On 22 October the BBC finally broadcast its original interview with Ward on Panorama, which did not identify Starr.
She said:"That’s when the other guests on the show would come in, generally after the show had finished they would come in and they clearly saw girls and, well, kids, male and female, as being there to be used. I had a famous person who would try, he smelled awful, he smelled of sweat and alcohol and it made me heave just to be near him, so I certainly didn’t want him to do anything to me.”
But Panorama showed footage of Starr immediately before broadcasting these words leaving the viewer little doubt about who Ward was referring to.
This was despite the fact that BBC journalists had initially promised her Starr would not be identified.
So ITN (which produced Channel 4 News) and ITV clearly believed Ward, otherwise they would not have broadcast comments which were obviously defamatory if not true.
They should have stood by her. By not doing so they send out the message that litigants can shut up sources by suing them personally, and they discourage those sources from coming forward in the first place.
The BBC appears to have connected Starr to Ward through an editing error on a programme which was put together at speed in response to a fast-moving story.
Arguably that makes it all the more incumbent on the corporation to stand by its source.
If Ward had lost her case she would have been bankrupted. As it was she had the huge pressure, worry and at least some expense of dealing with this case on her own.
Again, would a source go to the BBC in similar circumstances in the light of the way Ward was treated?
When Press Gazette put this story to the BBC press office on Friday, the response appeared to be to suggest I was barking up the wrong tree. They denied abandoning Ward and said the BBC had offered to make a fair contribution to her costs.
They did not mention that this happened at the 11th hour when it was too late to make any difference. When I said Press Gazette would be doing a story anyway, they at least had the courtesy to provide a statement.
We note that Mr Starr himself brought the allegations into the public domain and sued Ms Ward over various publications including several reports by ITV naming Mr Starr and online material by Ms Ward which were made before BBC Panorama in October 2012.
As a contributor to BBC output, the BBC offered to help Ms Ward with a contribution to her legal costs before the trial and remains willing to discuss a fair contribution to her costs, if these cannot be recovered from Mr Starr as ordered by the court.
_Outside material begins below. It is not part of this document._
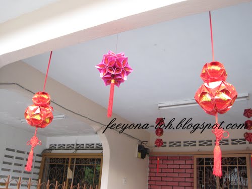 Previously I made 2 types of tanglong from red packets. Read here and here. Then I made another 2 types but due to time limitation, I didn’t take picture of the process. Here’s the tanglong decoration at my house.
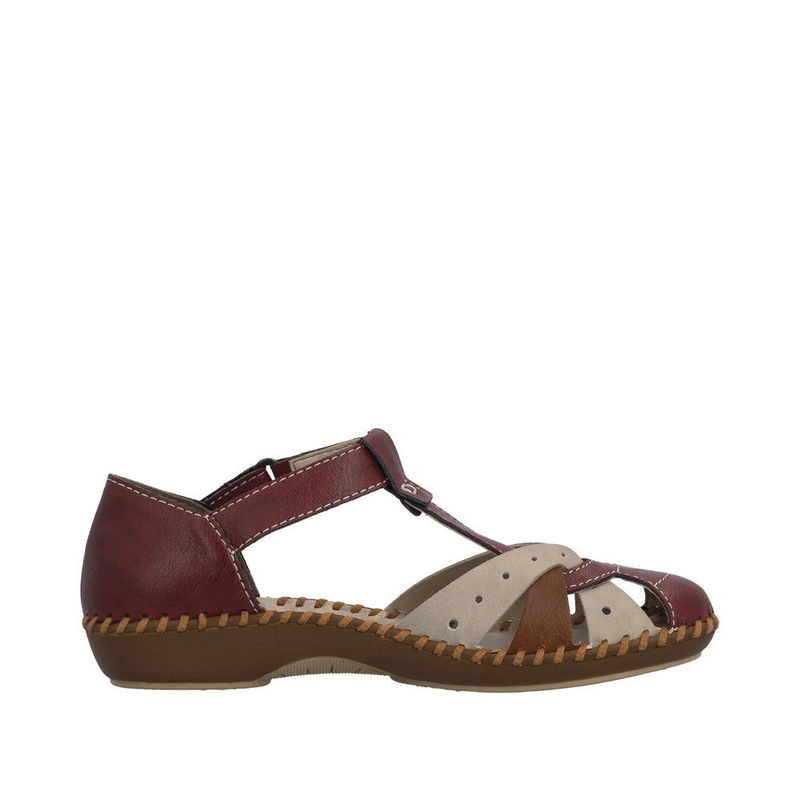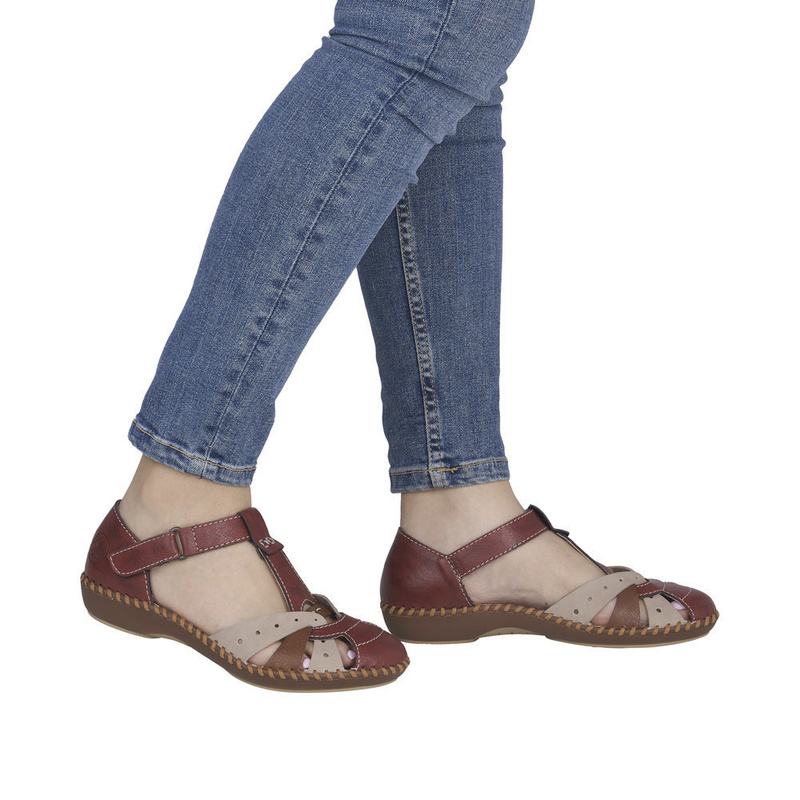 Alliant confort et style estival, cette sandale ouverte Rieker rouge et beige est idéale pour accompagner vos tenues d’été avec légèreté et maintien.

Both ITN and ITV have declined to even comment. Which is surprising when this is an issue which strikes at the heart of their journalistic integrity.
These were no doubt corporate decisions made by managers and lawyers rather than journalists.
And it is worth noting that BBC journalists Meirion Jones and Liz McKean and ITV's Williams-Thomas all gave Ward personal support and testified on her behalf at trial.
But those managers need to know that if vulnerable sources are thrown to the wolves their news organisations will pay a heavy price in the long-term for the money they sought to save by abandoning Karin Ward.